The triumphant and exhilarating finale is written in an unusual variant of sonata form: at the end of the development section, the music halts on a dominant cadence, played fortissimo, and the music continues after a pause with a quiet reprise of the “horn theme” of the scherzo movement. The recapitulation is then introduced by a crescendo coming out of the last bars of the interpolated scherzo section, just as the same music was introduced at the opening of the movement. The interruption of the finale with material from the third “dance” movement was pioneered by Haydn, who had done the same in his Symphony No. 46 in B, from 1772. It is unknown whether Beethoven was familiar with this work or not.
The Fifth Symphony finale includes a very long coda, in which the main themes of the movement are played in temporally compressed form.

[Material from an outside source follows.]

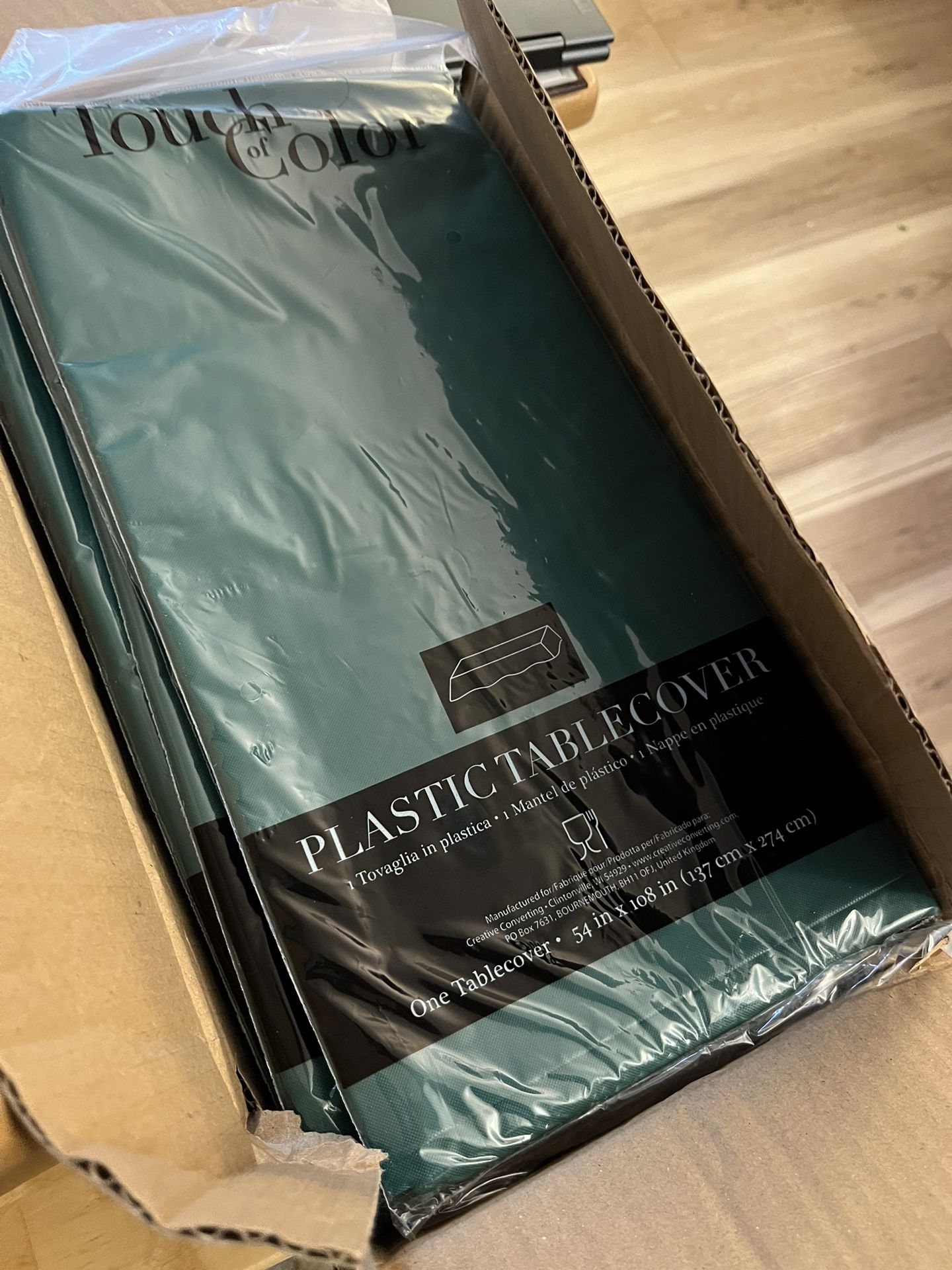 The box these were in never made it to the venue. Our loss is your gain. Dark green color, difficult to see with the shine of the cellophane wrapping, so I included a close-up of the vent hole in the wrapper to better show the color. 54”x108”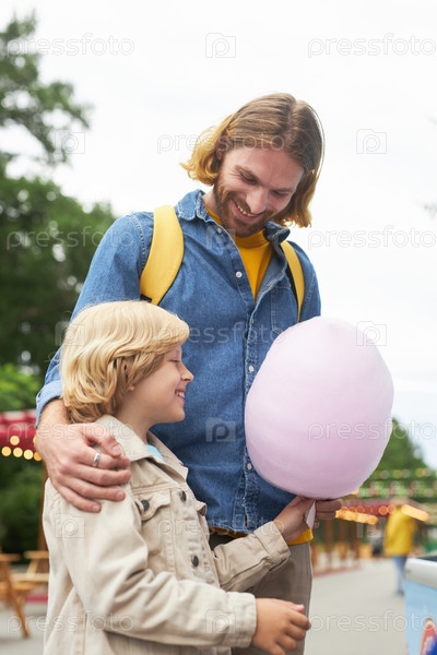 Счастливый отец покупает хлопковую конфету для маленького мальчика

Towards the end the tempo is increased to presto. The symphony ends with 29 bars of C major chords, played fortissimo. In The Classical Style, Charles Rosen suggests that this ending reflects Beethoven’s sense of Classical proportions: the “unbelievably long” pure C major cadence is needed “to ground the extreme tension of [this] immense work.”
It was shown recently that this long chord sequence was a pattern that Beethoven borrowed from the Italian composer Luigi Cherubini, whom Beethoven “esteemed the most” among his contemporary musicians. Spending much of his life in France, Cherubini employed this pattern consistently to close his overtures, which Beethoven knew well. The ending of his famous symphony repeats almost note by note and pause by pause the conclusion of Cherubini’s overture to his opera Eliza, composed in 1794 and presented in Vienna in 1803.
The 19th century musicologist Gustav Nottebohm first pointed out that the third movement’s theme has the same sequence of intervals as the opening theme of the final movement of Mozart‘s famous Symphony No. 40 in G minor, K. 550. Here is Mozart’s theme: ( listen (help·info))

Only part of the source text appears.